Records excerpted from a collection:
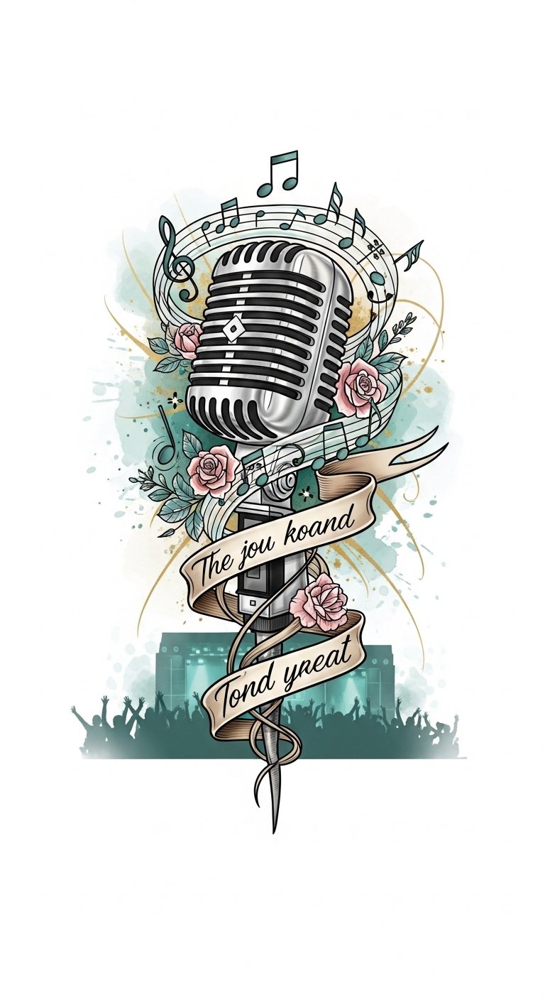 The microphone symbolizes voice and performance, the musical notes and ribbon honor the songs and name that shaped personal memories, roses add romance and growth, watercolor splashes evoke the vibrancy of live shows, and the crowd silhouette anchors the piece to shared concert experiences;
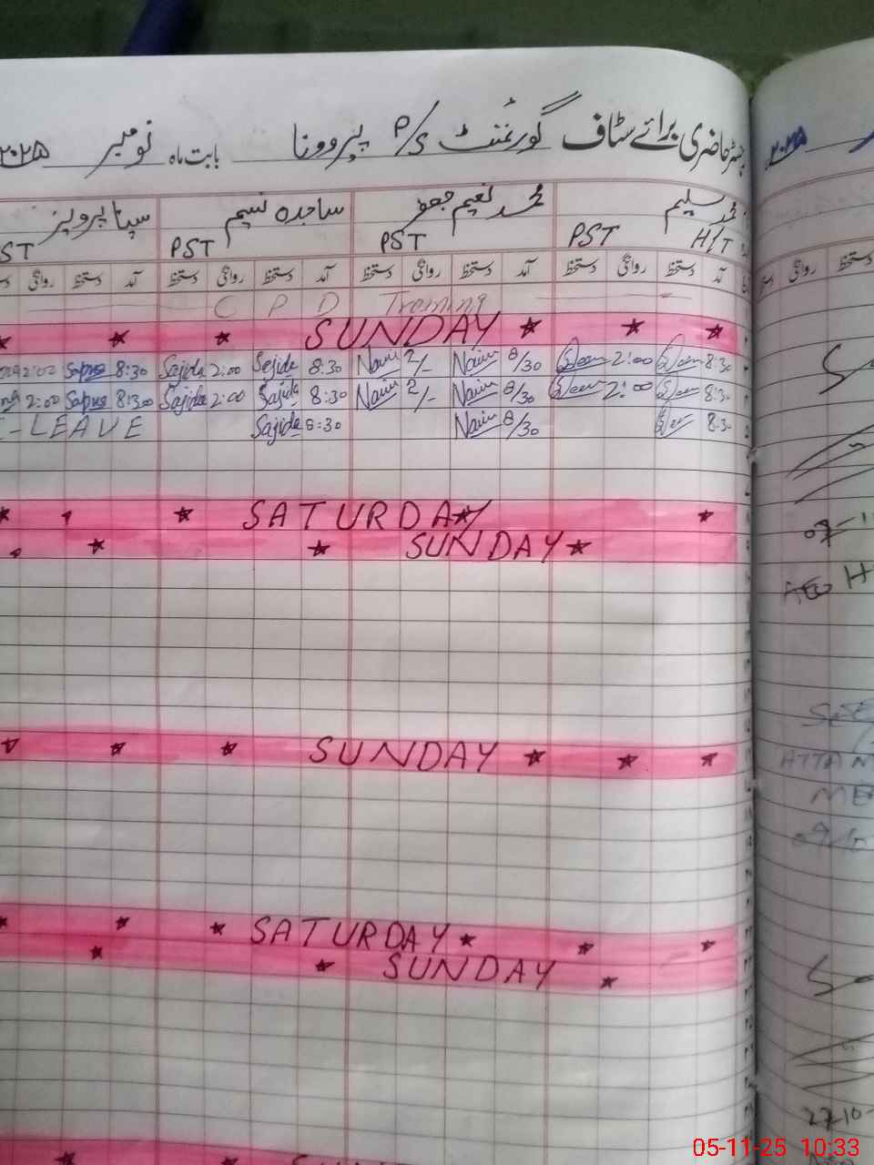 | Leave | Duty | Absent | Maternity | Medical | Ex- Pak |
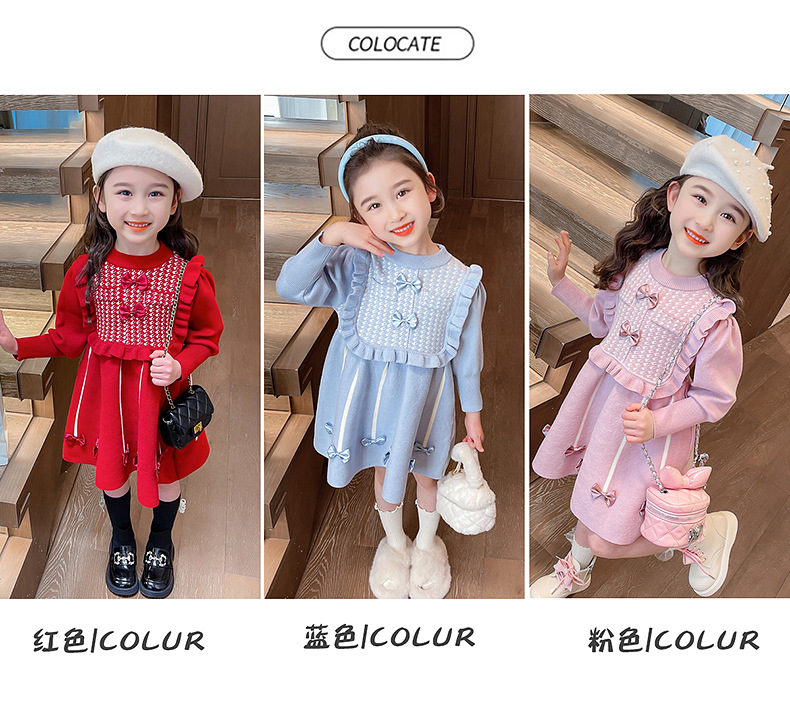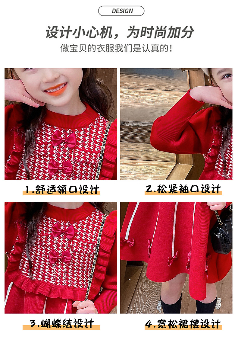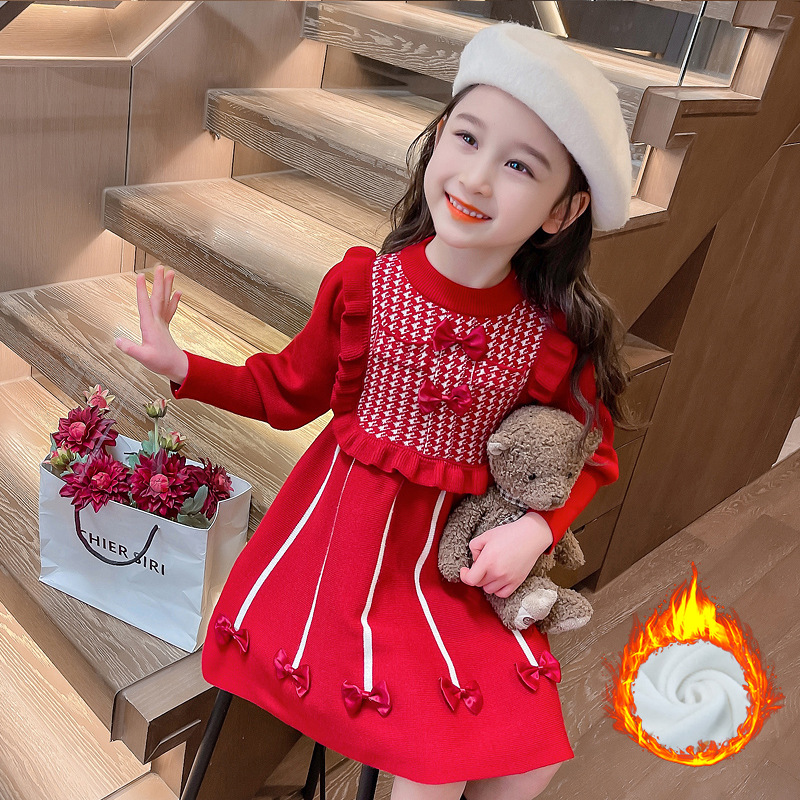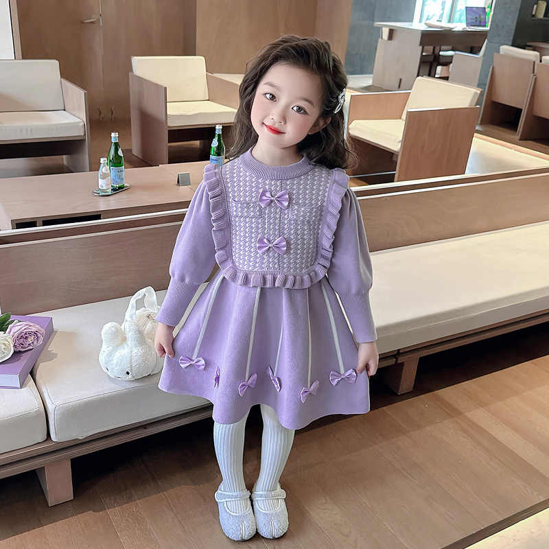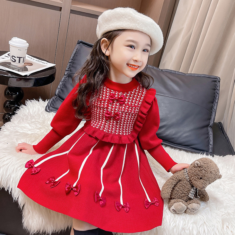 여아용 스웨터 가을 겨울 2025 신상 패션 어린 소녀 물떼새 격자무늬 나비 스웨터 드레스 유아용 니트웨어
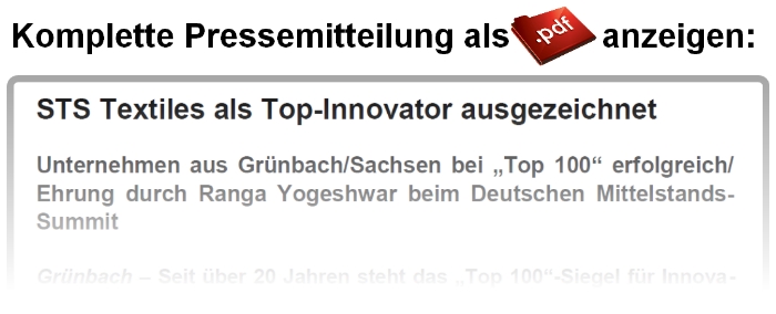 STS Textiles als Top-Innovator ausgezeichnet
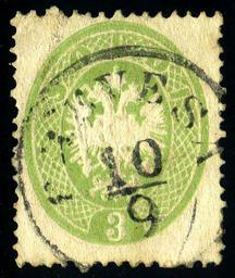 Keywords: Prevesa Austrian 1 03 sld 1863.jpg Lombardy and Venice for usage by Austrian Post Offices in the Levant 3 soldi green used in the Post Office of Preveza Extremely rare Catalogue Sc 16 Mi V 15 green Type of cancellation N-G 1 Mueller type RS-f N°41a 50 points Date of cancellation 10 September around 1865 el Γραμματόσημο της Λομβαρδοβενετίας για χρήση σε Αυστριακά Ταχυδρομικά Γραφεία της Ανατολής 3 σόλντι ράσινο σφραγισμένο στο ταχυδρομικό γραφείο της Πρέβεζας Εξαιρετικά σ άνιο Κατάλογος Sc 16 Mi V 15 Πράσινο Τύ ος σφραγίδας N-G 1 Mueller RS-f N°41a 50 βαθμοί Ημερομηνία σφραγίδας 10 Σε τεμβρίου ερί το 1865 Stamp issued in 1863 en Nikos D Karabelas stamp collection Preveza Greece el Συλλογή γραμματοσήμων ίκου Δ Καράμ ελα Πρέβεζα Institution Actia Nicopolis Austro-Hungarian postal authorities PD-old PD-US Template Cc-by-4 0 DEFAULTSORT Prevesa Austrian Type 1 Stamps of Austria for the Ottoman Empire Postmarks of Greece Postal history of Preveza 1863 stamps of Austria Preveza Actia Nicopolis Foundation Stamp Collection Stamps of Austrian post offices abroad |
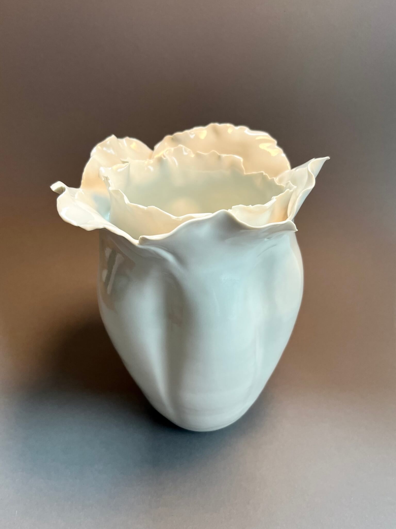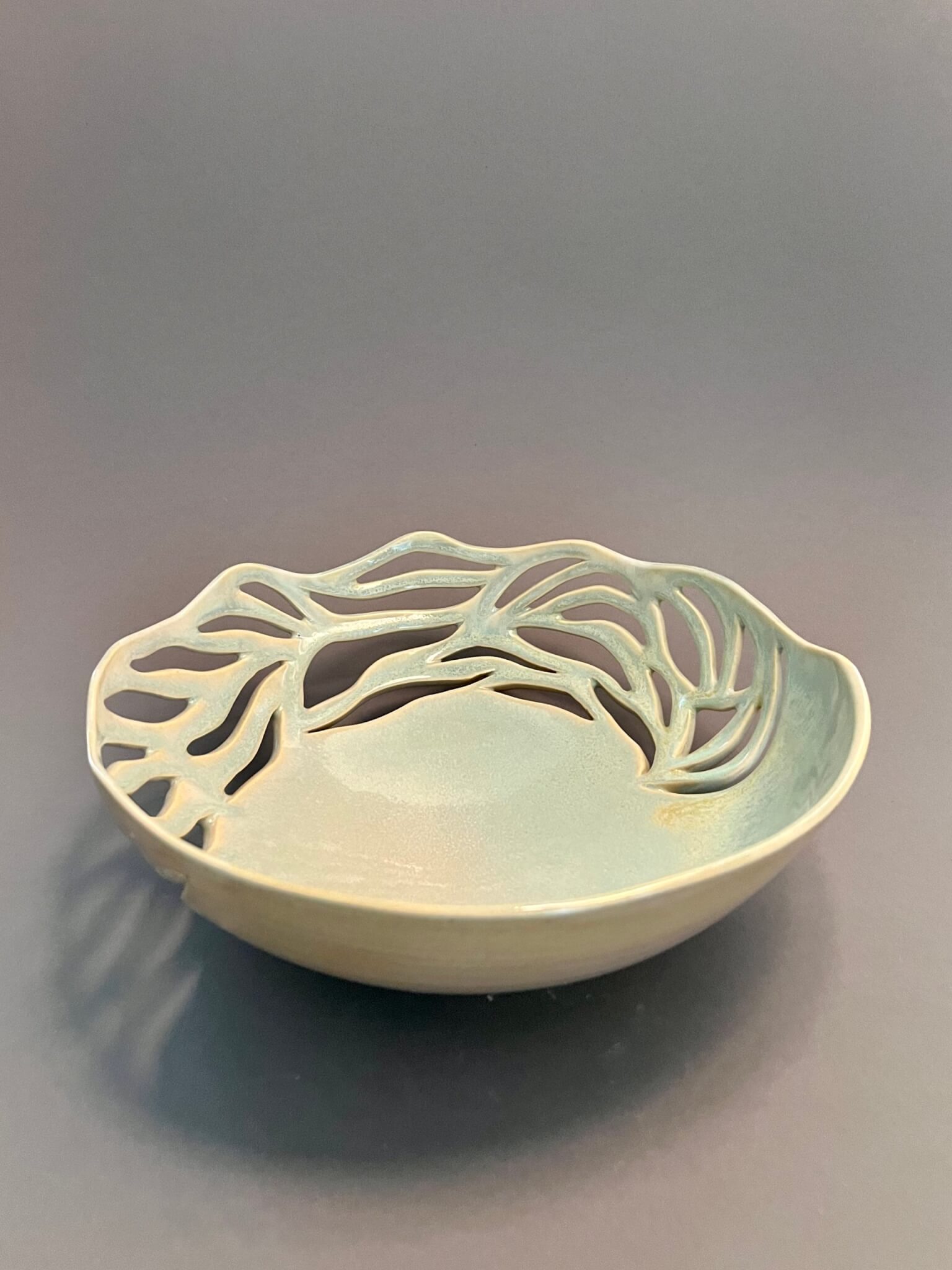 I throw the clay, both porcelain and stoneware, on a treadle wheel then alter my pieces before firing to cone 6 in an electric kiln.My work is both functional and decorative. My pieces are inspired by the delicacies found in nature. I incorporate the graceful movements, colors and textures of nature into my work. Flower petals, ocean waves, clouds, tree leaves, shells and the wind all influence my work.

● YOUR OBJECTIVE
What's needed is an exact copy of the records above from the line containing "Medical | Ex- Pak |" down to the line containing "STS Textiles als Top-Innovator ausgezeichnet", both included, without any pictures.

● ANSWER TO THIS TASK
 | Leave | Duty | Absent | Maternity | Medical | Ex- Pak |
 여아용 스웨터 가을 겨울 2025 신상 패션 어린 소녀 물떼새 격자무늬 나비 스웨터 드레스 유아용 니트웨어
 STS Textiles als Top-Innovator ausgezeichnet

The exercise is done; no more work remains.